Стейндоур рассмеялся, запретил мне смотреть на часы, велел забыть мой чертов журнал, посидеть с ним и поболтать об интересных вещах. Отбросив скальпель, он вдруг повел себя по-приятельски, как заботливый старший брат, заговорил о предметах, интересующих нас обоих, спросил, что я читал в последнее время, например по-английски. Когда же я назвал три-четыре романа, то вдруг выяснилось, что он их знал досконально, но, конечно, проглотил еще массу, в самое последнее время, — старых и новых, в основном мало известных мне авторов или таких, о которых я вообще никогда не слышал. Как обычно, он сурово судил о каждой книге, о некоторых говорил резко и пренебрежительно, не оставляя от них камня на камне, зато другие превозносил до небес, расхваливал и называл чертовски милыми, а их авторов — волшебниками. В разгар этой головокружительной беседы о мировой литературе за очередной чашкой кофе в зале появились два молодых поэта, почтительно поздоровались с ним и попросились за наш столик. Но Стейндоуру не нужны были лишние слушатели. Не удостоив поэтов даже взглядом, он отрицательно покачал головой и отмахнулся словно от мух. Монолог о колдовских чарах зарубежных волшебников на этот раз был предназначен для меня одного, для раба из «Светоча» в кружевных штанишках христианства, скроенных покойной бабушкой. Мне казалось, я вновь на дорожных работах, в палатке, разбитой на вересковой пустоши, легкий ветерок ласкает крышу, а рядом в овраге журчит ручеек. Боже милостивый, что за просветление, какое блаженство, счастье — вновь парить в мире поэзии и слушать, как Студиозус называет имена неизвестных мастеров, чары которых вскоре обернутся для меня бессонницей.

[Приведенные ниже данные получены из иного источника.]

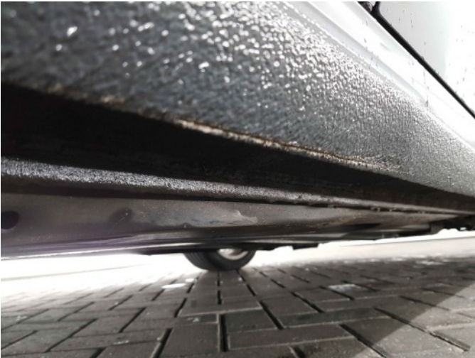
2. Dorpel - rechts

— Все критики Рейкьявика не стоят ломаного гроша… кроме двух. Встретятся тебе — почитай! Это…
Он неожиданно замолчал, откашлялся, словно у него вдруг запершило в горле, потом поспешно перевел разговор на другую тему.
— Как тебе нравятся мои усы? — спросил он. — Женщины говорят, они щекочут!
Чувство времени снова проснулось, унося меня в мир тусклого рабочего дня и заставляя то и дело смотреть на часы. Мои часы не претерпели духовного подъема, на них не влияли ни книги, ни волшебники: пять, ровно пять!